Authors: S Malarvizhi

Abstract: Financial statement manipulation continues to undermine the reliability of corporate reporting, while conventional ratio-based detection tools remain largely backward-looking and often insensitive to behaviour-driven precursors. This study proposes a behaviourally enriched, explainable machine learning framework that integrates traditional accounting indicators with managerial and disclosure-based proxies to improve manipulation risk screening. Using a multi-year firm-year panel (2016–2023) of listed non-financial companies, the study constructs a binary manipulation label and develops two benchmark models (Beneish-style screening and logistic regression) alongside ensemble learning models (random forest, XGBoost, and LightGBM). Model evaluation emphasises imbalanced-class robustness using ROC–AUC, precision, recall, F1-score, and confusion-matrix diagnostics.
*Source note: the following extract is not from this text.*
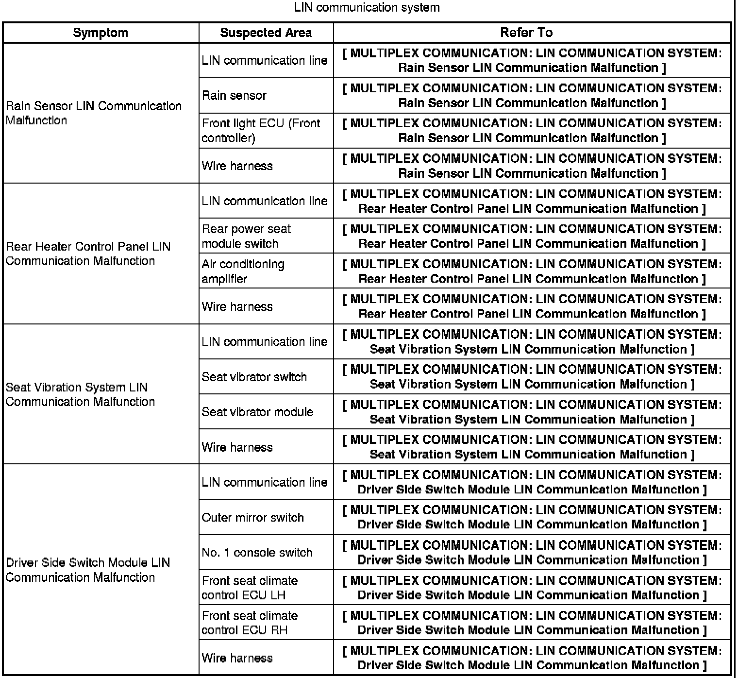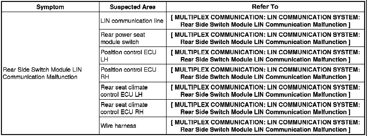 MULTIPLEX COMMUNICATION: LIN COMMUNICATION SYSTEM: PROBLEM SYMPTOMS TABLE

Empirically, behavioural enrichment improves discrimination by approximately 4–7 percentage points in ROC–AUC across models, and the best-performing LightGBM specification achieves Accuracy = 0.95, Precision = 0.92, Recall = 0.90, F1 = 0.91, and ROC–AUC = 0.98. Relative to the logistic baseline, false negatives decline from 56 to 18 (≈68% reduction), strengthening audit-relevant sensitivity. To ensure audit usability, the framework embeds SHAP-based explainability, revealing Earnings Pressure Index and Management Tone Score as dominant predictors alongside DSRI and AQI, thereby demonstrating that manipulation risk is strongly behaviour-linked rather than purely numerical. Overall, the study contributes an interpretable, early-warning analytics tool that improves both predictive performance and decision transparency for auditors, regulators, and governance stakeholders.